Methodology Overview

The Africa Youth Employment Clock (AYEC) monitors and projects employment trends
at both national and subnational levels. It focuses on the working-age population
(ages 15–64), with particular emphasis on youth aged 15–35, in line with the African
Union’s definition.

Data Coverage:

National Data: Available for all 54 African countries
Subnational Data: Currently available for Kenya, Rwanda, Ghana, Nigeria,
Uganda, Ethiopia, and Senegal. The Clock plans to expand subnational data
coverage to include the West African Economic and Monetary Union (WAEMU)
over time.

The Clock's analytical model delivers reliable youth employment estimates,
disaggregated by numerous variables including: labor force status, gender, age,
educational attainment, sector, job formality, urban/rural status, and working poverty.

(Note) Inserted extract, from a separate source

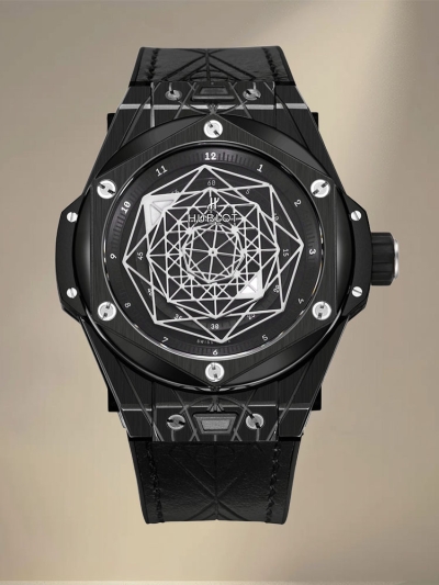 นาฬิกาผู้ชายรุ่น Replica Hublot Big Bang Hexagon หน้าปัดสีดำ กลไกอัตโนมัติ Super Clone ขนาด 45MM ระบบสวิส

The Clock's methodology, developed in collaboration with academic partners at the
University of Cape Town (UCT) and the University of Oxford, leverages surveys and
datasets from national statistics offices, the International Labour Organization (ILO),
and the International Institute for Applied Systems Analysis (IIASA).

This approach models historical data trends, incorporating projections for population
growth, educational attainment, and anticipated economic conditions (specifically,
GDP per capita growth rates) to forecast national-level data up to 2040. The core
assumption is that demographic and employment trends will follow established
historical patterns and projected economic trajectories.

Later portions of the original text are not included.